Wetherill Mesa

My posts are all out of order again – despite my best efforts! Our second day in Mesa Verde (Thursday) we went and toured more cliff dwellings and pueblos – this time on Wetherill Mesa. Wetherill Mesa is far less congested than Chapin Mesa where the Cliff Palace, Balcony House and Spruce Tree House are located, along with the Museum. RVs are restricted on the road to Wetherill Mesa and it is pretty far to do both Wetherill Mesa and Chapin Mesa in one day.

We started at Long House with a very enthusiastic and energetic Ranger Guide. I have to admit, though, by this point, the Cliff Dwellings were already all starting to look alike!

As we drove out the road, we kept seeing what looked like horse manure but that seemed kind of odd . . . but it turns out that the Park has a large population of feral horses that they don’t know what to do about!

You can also see in this picture the burned trees. There have been a lot of fires in Mesa Verde – predominantly caused by lighting.

There are other named cliff dwellings that you can see from view points. This is Kodak House – they say it was given this name because the very early explorers stored the camera equipment in this dwelling.

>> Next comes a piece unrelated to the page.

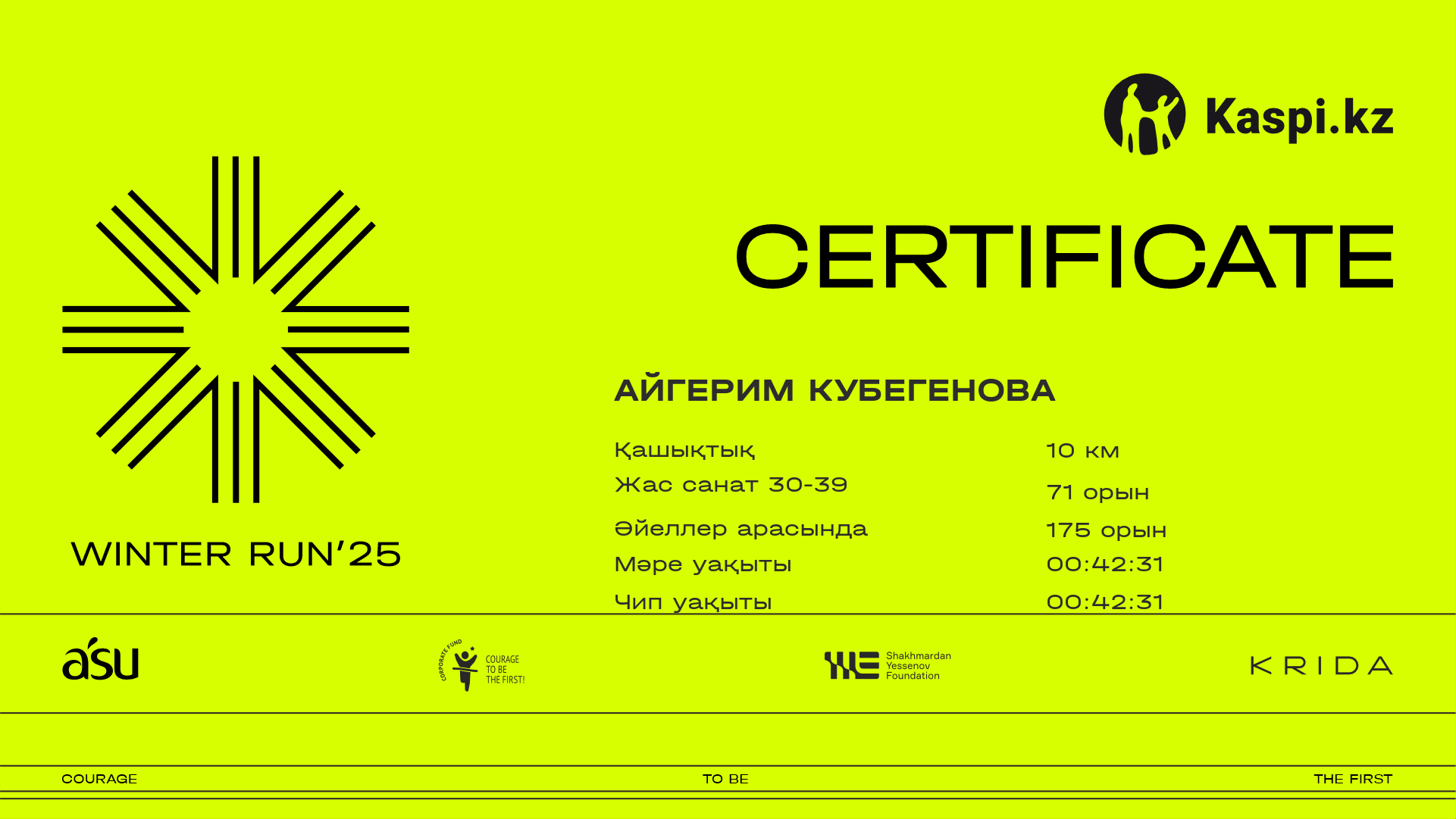 | 1534 | Айгерим Кайсенова | ![]() | Алматы | 778 | 00:33:52 | 01:01:18 | 01:25:23 | 01:24:16 | Жүктеп алу |

The last cliff dwelling we toured on Wetherill Mesa was Step House. It has a couple of cool features, including this long set of constructed steps and a nice set of carved toe holds.

Step House also has a reconstructed Pit House. This is what the archeologists believe that the Ancestral Puebloans (the currently favored name for the Anasazi) lived in before they started constructing cliff dwellings.

There is a bus/tram that you ride around Wetherill Mesa. We took it for part of the way but we also hiked out along the Mesa to some of the other vistas so we have a few miles of hiking credit for this day.